Joe Crawford
Web Developer
I think in HTML and dream in JavaScript.
If I had any style I'd use CSS.

email: joe@artlung.com · twitter: @artlung
San Diego · California · USA

That’s what the web is to me

You may have noticed that the masthead of my website has been updated with a new header. It has a nice background image that looks like this:

20160920

Or rather, you would have noticed it if you were visiting my site on a regular basis. That’s okay, lately I haven’t visited often either.

I do customized headers for the site periodically. At the time of this writing there are 101 of them. The first one was made in January of the year 2000. The latest one the other day. 101 in 16 years for a an average rate of about 6 per year. Some years less than others. The years after my mother died, far less. It’s interesting to see the changes in my life affect the amount of effort I put into this personal website.

But I’m still a believer in the web. The “indie web” some call it now. I’ve had a personal website in one form or another for 20 years. I registered “artlung.com” for the first time January 30, 1997. That sounds right and sure sounds like a long time ago.

And yet it’s all quite finite. The state of the world. The state of US politics. It’s all quite a lot to bear. So diversions like this are enjoyable. I’ve let too many projects of mine go fallow for too long. It’s okay to take time off, but right now, this historical moment seems like a good time to remember the power of personal publishing. It’s time to take control of the many and various abilities to communicate to the world. I’m tired of every mechanism we have to talk to people filtered through entities who can censor us. I’m tired of moderating my voice through Facebook and Twitter because of community standards.

The net was once a bastion of free speech. Now I hear every other day about a person whose posts were taken down on Instagram. Accounts suspended for posting about police violence or a nipple. I’m tired of trolls and odious persons who make every space troll-space, insulting, making threats and threads of murder, rape and mayhem in response to people just trying to say their peace in this world. And I suppose mechanisms which take down posts and suspend accounts are intended to make this online space more livable. But in truth the world is not better off when we are afraid all the time to speak our peace. The world is worse.

Free expression is a human right. It’s a basic part of human dignity. But it’s rather higher up the ladder of the “hierarchy of needs.” It’s hard to take “free expression” seriously when people can’t find a decent wage-paying job.

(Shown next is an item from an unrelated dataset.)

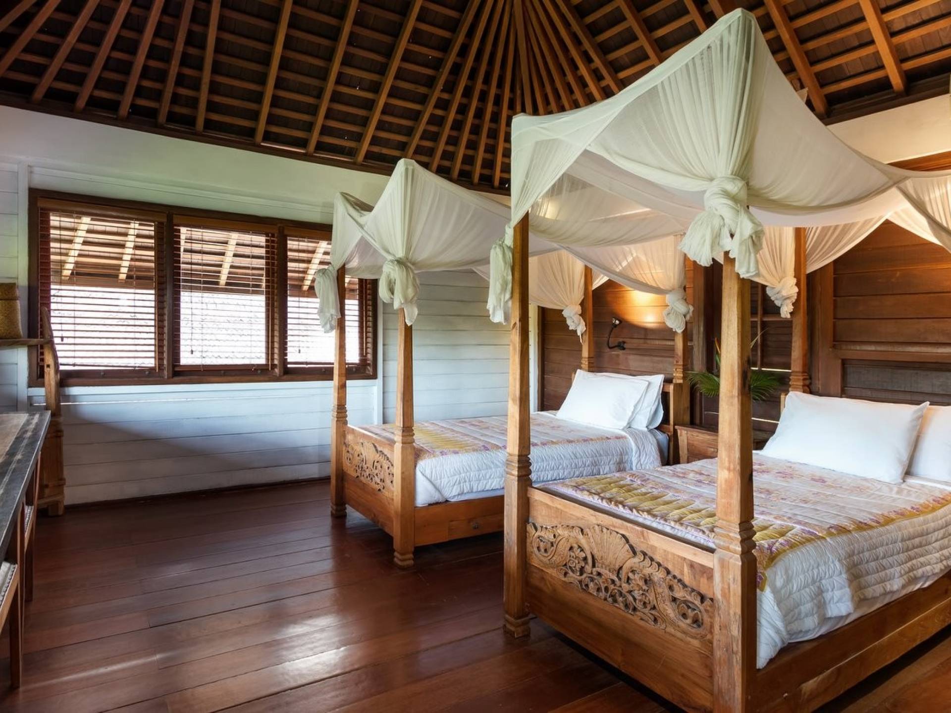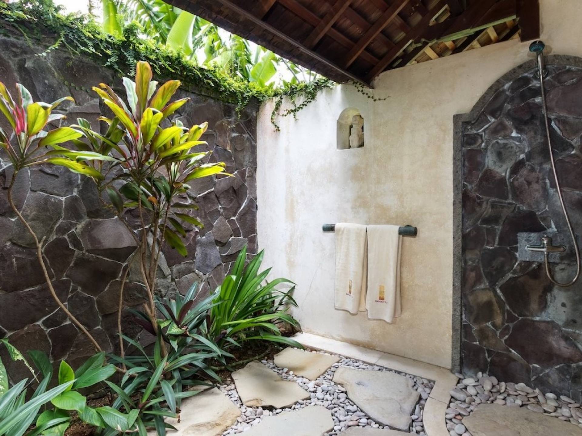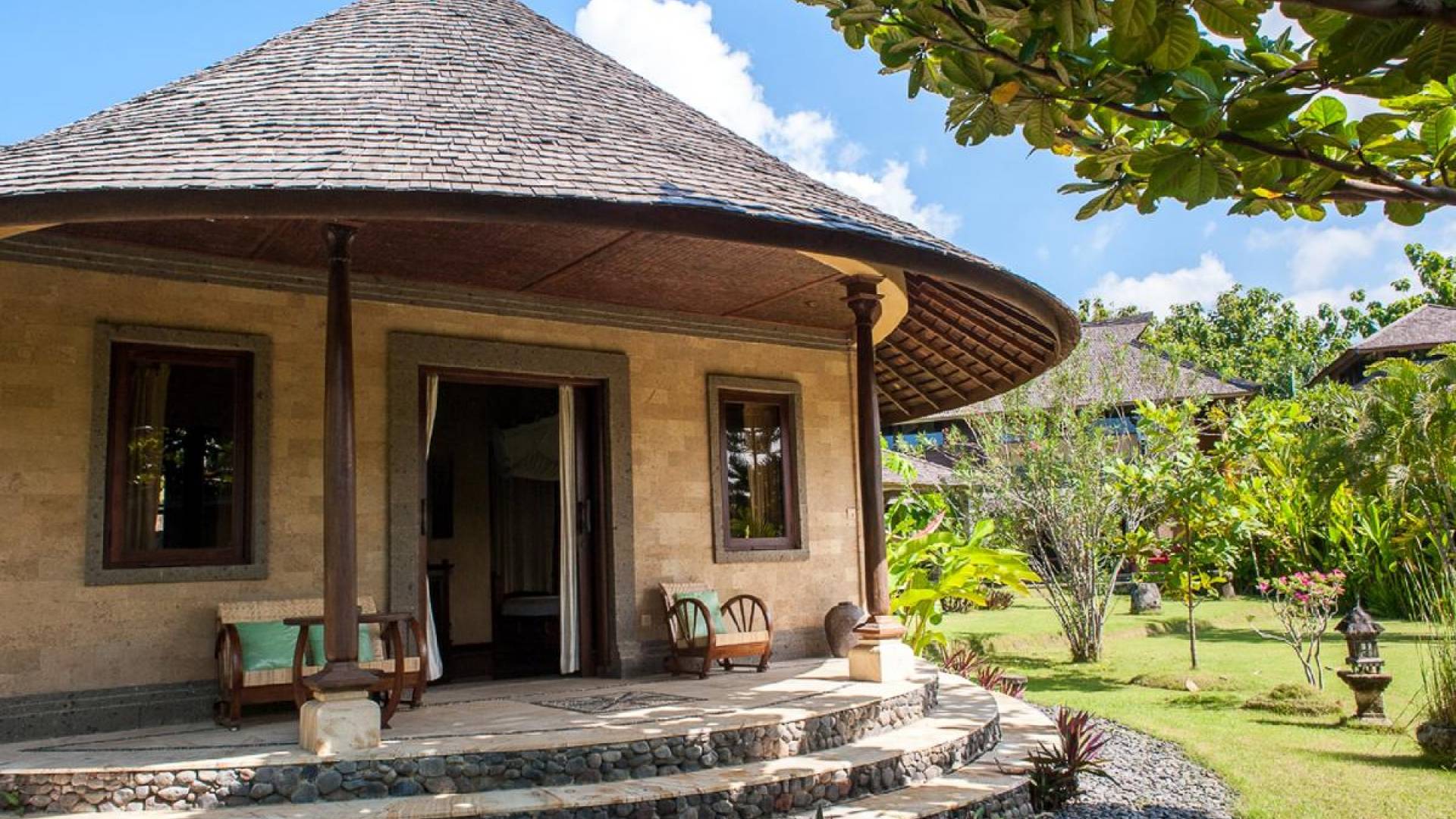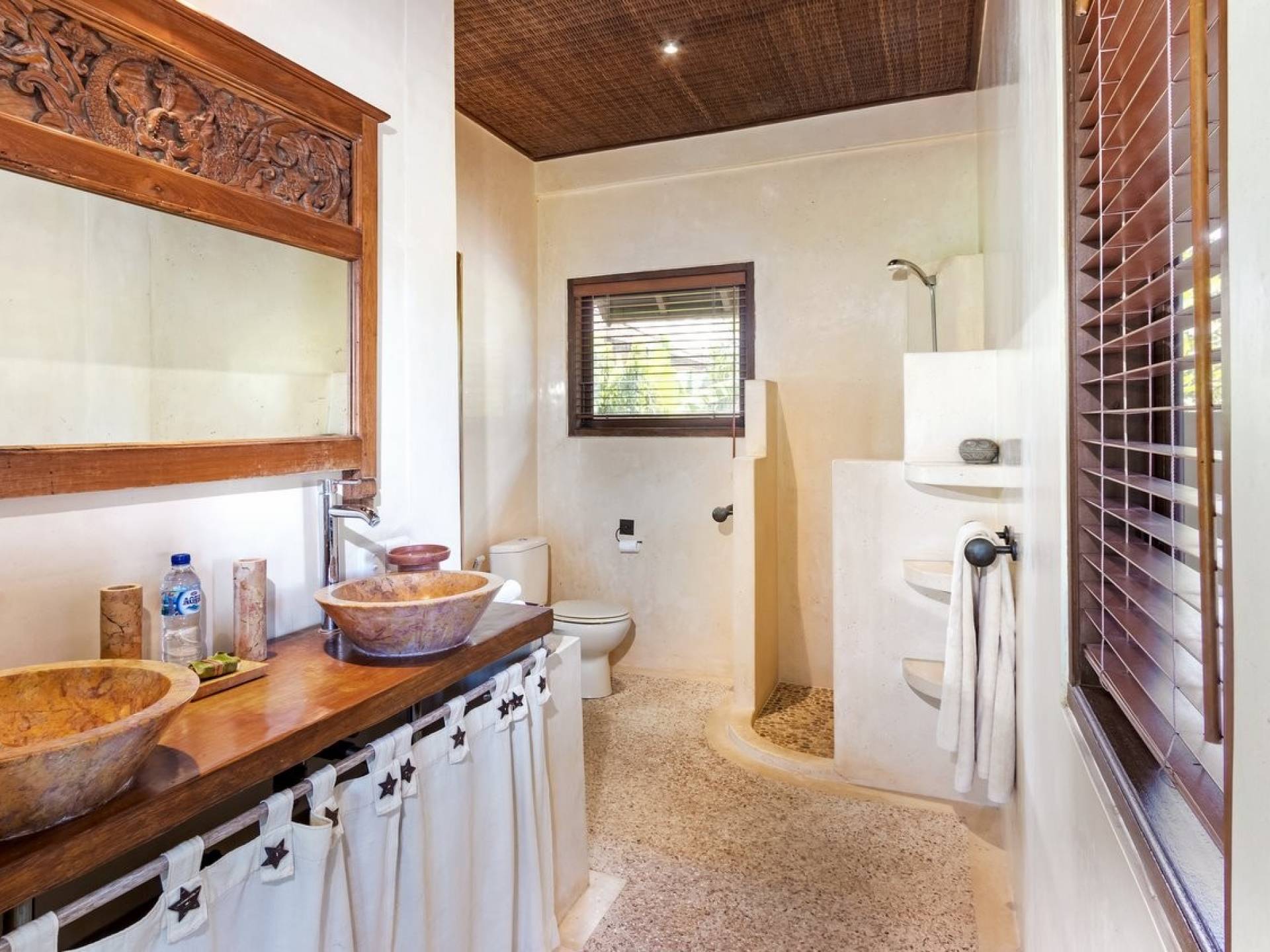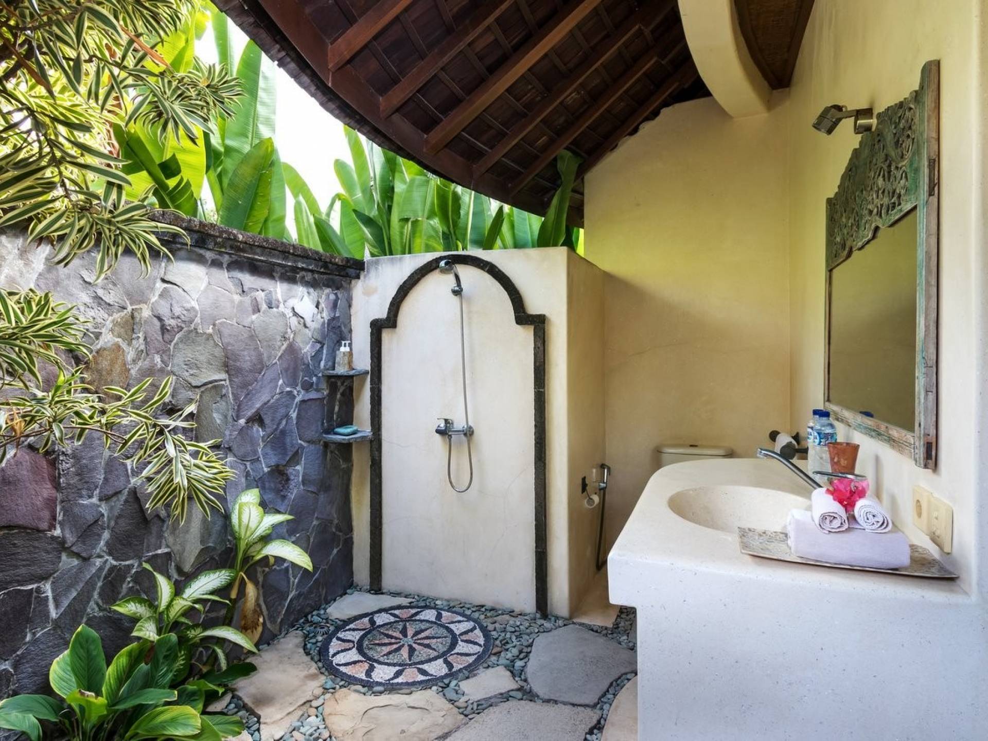 For those seeking shade, chill out in the garden bale or take your pick between sofas, hanging chairs, and armchairs in the tropical-styled, rustic, open-plan living pavilions. With two fully equipped living rooms, each with a sitting and dining area as well as a well-appointed kitchen, there is an abundance of space to hang out together with friends and family and yet there are also plenty of places to enjoy some solitude, peace, and quiet. You can dine indoors or out and why not get a chef cook in to prepare you a delicious meal or that BBQ feast you’ve been craving for?

But maybe free expression can save us? Maybe the tools we have at our disposal to tell our truth are the pathway to make the world a better place? People need human connection. Thomas P.M. Barnett wrote a book a few years ago and stressed the idea of “connectivity” as being crucial for nations to have prosperity. I remember many of his talks, all online, and in them he would use the phrase “disconnectedness defines danger.”

This phrase applies to people too. I think about the hard times in my life, and what kept me from destruction were those people who reached out to me to be there for me. Connection is the whole ball game.

And the indie web is a way to do that. It’s not the only thing out there, but it’s an important thing. I think it can bridge the gaps between people. Between people who are angry at each other, even.

I was going to talk about the changes I made to my headers archive page but maybe it’s not the interesting part of what I’m thinking about this morning. The source code is free for the viewing. You can view source on the HTML, and JavaScript, and the style sheets and have it and make your own thing if you want. That’s what the web is to me. It’s neat and connects people.

headers-2016

I’m not sure any of this makes sense but here at 4:44am, it’s what’s on my mind.

Thanks for your kind and considered attention.